10.A retrospective cohort study on the short-term clinical efficacy of single-port assisted endoscopic breast conserving surgery versus conventional open approach for breast cancer
Zhihan LIU ; Chenlu LIU ; Jiangtao LI ; Xinyu OU ; Yiwen LU ; Shicheng SU
Chinese Journal of General Surgery 2024;39(7):511-515
Objective:To compare the short-term clinical efficacy and patient satisfaction of single-port assisted endoscopic breast-conserving surgery versus open approach in the treatment of female breast cancer patients.Methods:This study retrospectively analyzed the clinical data of 129 female breast cancer patients admitted to Sun Yat-Sen Memorial Hospital, Sun Yat-Sen University from March 2022 to June 2023. In this study, 56 patients underwent breast-conserving surgery assisted by single-port endoscopy (endoscopic group) and 73 patients underwent conventional open breast-conserving surgery (conventional group).Results:Compared to the conventional group (73 cases), the endoscopic group (56 cases) had slightly longer operation time [(200.0±43.2) min vs. (185.3±56.5) min] and intraoperative blood loss [(34.0±25.4) ml vs. (27.2±21.8) ml, P>0.05]. The endoscopic group had a significantly shorter surgical incision length than the conventional group [(4.7±0.7) cm vs. (8.0±1.1) cm, P<0.05], the difference in postoperative tumor margin was not significant (endoscopic group: 3.5% vs. conventional group: 5.7%, P>0.05).

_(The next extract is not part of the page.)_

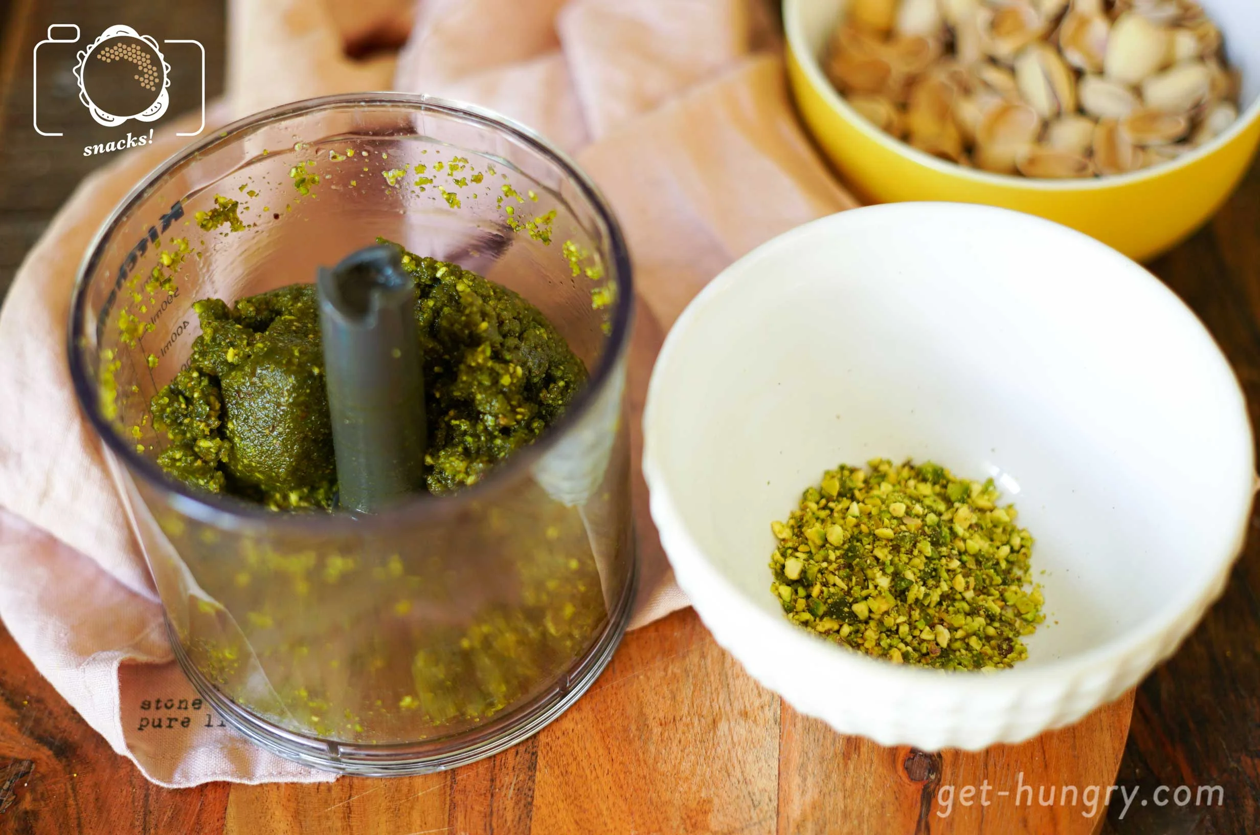 - Alle zusammen in einen Mixer/Küchenmaschine füllen und mehrere Minuten fein mahlen lassen, bis die Pistazien immer öliger werden.

In terms of postoperative complications, the endoscopic group had a significantly lower incidence of radiation-related skin reactions than the conventional group ( P<0.05). The endoscopic group had a higher satisfaction rate in terms of postoperative aesthetics (73.2% vs. 56.2%, P<0.05). Conclusions:The short-term clinical efficacy of breast-conserving surgery for female breast cancer by single-port assisted endoscopy is not inferior to that of conventional open breast-conserving surgery, with added better cosmetic results.